Equally important are the practices mentors should avoid:

  • Assuming that mentoring ability is fixed or inherent;

  • Approaching mentoring with disciplinary tunnel vision;

  • Reinforcing academic hierarchies by acting as the sole knowledge source

  • Rushing meetings or multitasking during them; or

  • Trying to mentor in isolation rather than sharing strategies with colleagues.

These practices may seem simple, but when adopted, or from the second list, avoided, across a department or school, they can dramatically improve academic culture.

Challenging the Hierarchy

One of the most transformative ideas in Wisdom’s work is the shift from hierarchical to collaborative mentoring. Traditional models cast mentors as experts dispensing wisdom to passive recipients. But today’s students and early-career faculty operate in a very different environment—one in which career paths are nonlinear, interdisciplinarity is growing, and institutional structures are in flux.

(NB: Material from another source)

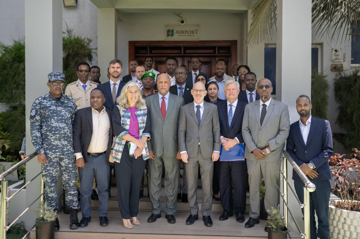 In addition to Mr. Swan, they included Somalia’s National Security Advisor, Awes Hagi Yusuf Ahmed; the Minister of Defence, Ahmed Moalim Fiqi; the Minister of Internal Security, Abdullahi Sheikh Ismail; the Officer-in-Charge of the UN Support Office in Somalia (UNSOS) and Director of Mission Support, Qurat-Ul-Ain Sadozai; the Chief of the UN Mine Action Service (UNMAS) Programme in Somalia, Fran O’Grady; and representatives from the African Union, United States of America, United Kingdom and European Union.

Effective mentoring involves seeing mentees as emerging colleagues whose insights, aspirations, and lived experiences should shape the relationship. By asking powerful questions—“What is your long-term vision?”, “What energizes you?”, “What obstacles do you foresee?”—mentors cultivate independence and critical thinking. They guide mentees through ambiguity rather than offering a rigid roadmap.

Toward a Culture of Mentorship

Perhaps the book’s most important message for academic leaders is this: mentoring cannot be left entirely to individual goodwill. It must become part of a department’s culture. Chairs and deans can catalyze this shift by:

  • including mentoring on meeting agendas and in faculty retreats;

  • creating peer mentoring circles;

  • providing training or workshops;

  • recognizing mentoring excellence in evaluations; and

  • reducing the invisible labor burden by acknowledging the time mentoring takes.

Without institutional reinforcement, mentoring becomes fragmented, inequitable, and overly dependent on personal disposition.

The Road Ahead

For universities facing uncertain futures, mentoring acts as a powerful stabilizing force. It boosts faculty retention, improves student success, and strengthens bonds with the institutional mission. By treating mentoring as a teachable skill and investing in supportive structures, academic leaders can help faculty and students thrive—even during difficult times.

Wisdom’s work offers a timely reminder: mentoring is not extra. It is essential. And when done well, it is transformative.